- Born: Mary Helen Campbell 27 November 1907 Bathurst, New South Wales
- Died: 15 February 1986 (aged 78) North Adelaide
- Other names: Mrs Edwin Withers
- Known for: leadership of the Country Women’s Association
- Successor: Bertha Chatto St George Smith
- Spouse: Edwin Joseph Withers

= Helen Withers =

(Mary) Helen Withers , born Mary Helen Campbell, (27 November 1907 – 15 February 1986) was an Australian community leader who became the President of the Country Women's Association for South Australia and of the national organisation.

==Life==
Withers was born in 1907 in Bathurst. She was the elder daughter of Annie (born Campbell) and James Walker and they had both been born in the state of Victoria, Her father was a squatter near Nyngan and by 1913 the family were living at what they called Kaluga. Her mother was in the Country Women’s Association of New South Wales and Withers was taken to meetings at Nyngan.
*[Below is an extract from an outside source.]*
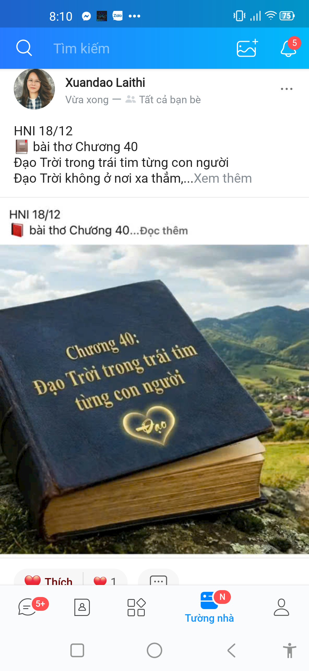 thì Trời – Đạo – Người hòa làm một.HNI 18/12 📕 bài thơ Chương 40 Đạo Trời trong trái tim từng con người Đạo Trời không ở nơi xa thẳm, chẳng nằm ngoài sách vở, kinh chương, Đạo hiện hữu trong từng nhịp thở, và lặng yên giữa trái tim thường. Con người tìm Trời qua muôn ngả, qua núi cao, đền tháp, biển sâu, nhưng quên mất ánh sáng nguyên thủy, đang âm thầm soi chính nội tâm nhau. Trái tim là nơi Trời cư ngụ, khi lòng trong thì Đạo hiển bày, một ý thiện khởi lên lặng lẽ, cũng làm vũ trụ sáng thêm ngày. Không cần danh xưng hay nghi lễ, chỉ cần sống thật với lương tri, khi yêu thương đi trước phán xét, thì Đạo Trời đã có mặt tức thì. Mỗi con người là một ngôi đền sống, xây bằng lựa chọn giữa đời thường, mỗi hành động gieo nhân tỉnh thức, là một lần Trời chạm cõi người thương. Khi ai cũng quay về trái tim, không còn sợ hãi hay chia rẽ, Đạo Trời lan tỏa qua nhân thế, như mạch nguồn sống chẳng bao giờ khép. Hành trình lớn nhất không ra ngoài, mà là trở về nơi ta đứng, khi con người sống bằng ánh sáng bên trong, thì Trời – Đạo – Người hòa làm một.0 Bình luận 0 Chia sẽ1

When she was still at home she was went to a CWA meeting where she was elected to its executive committee. The youngest ever elected. In 1928 she became the President on the Nyngan branch.

She married into the Withers family in 1932. who owned substantial lands. Her husband was Edwin Joseph Withers and they lived on the edges of the freshwater lake of Lake Alexandrina about 100 km from Adelaide. They ran a cattle property belonging to the larger Withers family. She transferred her allegiance to the South Australian Country Women’s Association (SACWA). In 1939 she joined a new section of the South Australia organisation to appeal to women who could not attend regular meetings because if their remote locations. She was President of the South Australian Country Women’s Association postal section until 1952 except for when she was President of the SACWA.

Withers would sometimes use the name "Mrs Edwin Withers" and her husband sometimes accompanied her on visits to other clubs. She rose to be President of the South Australian Country Women’s Association from 1944 to 1947 at a time when there were moves to establish a national CWA organisation. Helena Catherine Marfell of Victoria was the first President of the National Country Women's Association. Withers was the next President in 1946 because South Australia was then taking the lead for another year until Bertha Chatto St George Smith of NSW took over.

Withers was awarded an OAM on 26 January 1981 for "community service". Withers died in 1986 in North Adelaide.